Kang Hyojung, Sohn Min-Woong, Kim Soyoun, Zhang Siyao, Balkrishnan Rajesh, Anderson Roger, McCall Anthony, McMurry Timothy, Lobo Jennifer Mason
Department of Kinesiology and Community Health, College of Applied Health Sciences, University of Illinois at Urbana-Champaign, Champaign, IL, USA.
Department of Health Management and Policy, College of Public Health, University of Kentucky, Lexington, KY, USA.
Health Serv Outcomes Res Methodol. 2024 Jun;24(2):200-210. doi: 10.1007/s10742-023-00310-5. Epub 2023 Aug 9.

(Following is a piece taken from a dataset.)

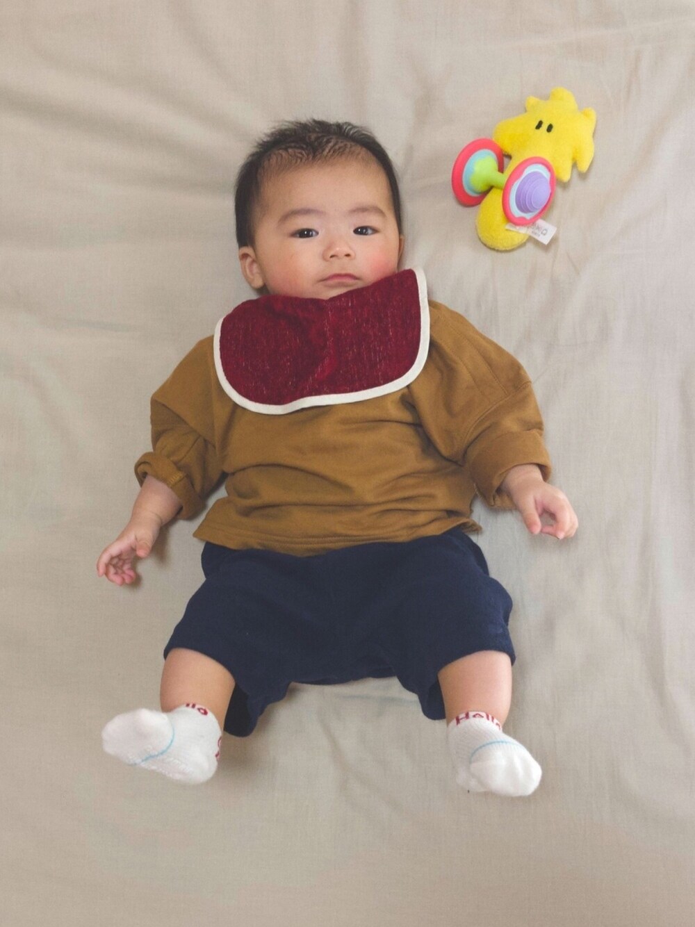 👶🏻「4ヶ月の僕でしゅ」 🐥「コレデアソボー」 🧑🏻「どうも渋い色合わせをしてしまう🍁好き」
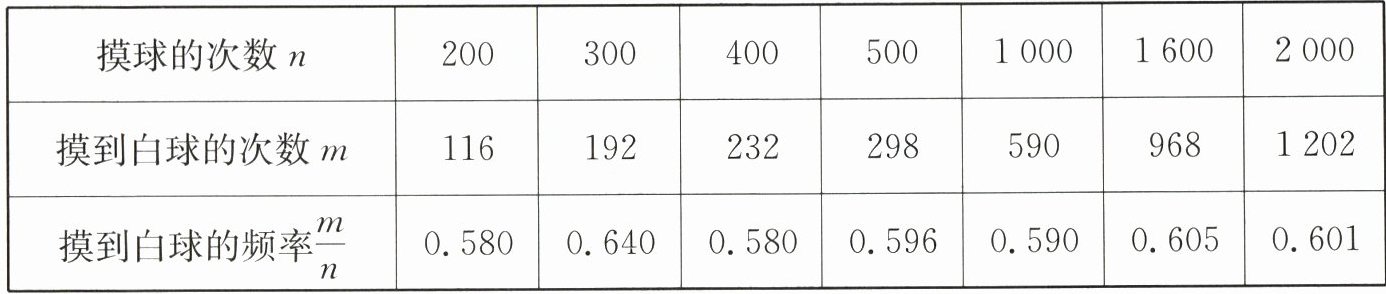 (1)请估计:当 $ n $ 很大时,摸到白球的频率将会接近

Annual preventive care is essential for diabetes patients to reduce the risk of complications including hypoglycemic events and blindness. Our aim was to examine the relative efficiency of Diabetes Belt (DB) and non-Diabetes Belt (NDB) counties in providing recommended preventive care for Medicare beneficiaries with diabetes using available health professional resources and to understand county-level socioeconomic factors associated with inefficient provision of preventive care. A data envelopment analysis (DEA) model was developed to assess relative efficiency of counties in providing diabetes preventive care. Logistic regression was performed to identify socioeconomic characteristics associated with inefficiencies. We used Medicare claims data to extract individual-level information of diabetes preventive service use and obtained county-level estimates of health resources information from the Area Health Resources File. More than 80% of counties had more than 10% inefficiencies on average. Compared to counties in the NDB, the odds of being inefficient were 2.44 times more likely in the DB (OR 2.44, CI 1.67-3.58). Counties with lower median income, with a smaller proportion of non-Hispanic Black population, and in a rural area had higher odds of being inefficient in providing preventive care. Our DEA results showed that counties in the DB and NDB were mostly inefficient. The availability of care providers may be less of a problem than how efficiently the resources are used in providing preventive care. Identifying sources of inefficiency within each community with low resource utilization and developing targeted strategies is needed to improve uptake of preventive care cost-effectively.
年度预防性护理对于糖尿病患者降低并发症风险至关重要,这些并发症包括低血糖事件和失明。我们的目的是利用现有的卫生专业资源,研究糖尿病带(DB)县和非糖尿病带(NDB)县为医疗保险受益糖尿病患者提供推荐预防性护理的相对效率,并了解与预防性护理提供效率低下相关的县级社会经济因素。我们开发了一种数据包络分析(DEA)模型来评估各县提供糖尿病预防性护理的相对效率。进行逻辑回归以确定与效率低下相关的社会经济特征。我们使用医疗保险理赔数据提取糖尿病预防性服务使用的个人层面信息,并从地区卫生资源文件中获取县级卫生资源信息估计值。超过80%的县平均效率低下超过10%。与NDB县相比,DB县效率低下的几率高出2.44倍(OR 2.44,CI 1.67 - 3.58)。收入中位数较低、非西班牙裔黑人人口比例较小且位于农村地区的县,提供预防性护理效率低下的几率更高。我们的DEA结果表明,DB县和NDB县大多效率低下。护理提供者的可获得性可能不如资源在提供预防性护理时的使用效率那样成为问题。需要确定每个资源利用率低的社区内效率低下的根源,并制定有针对性的策略,以经济高效地提高预防性护理的利用率。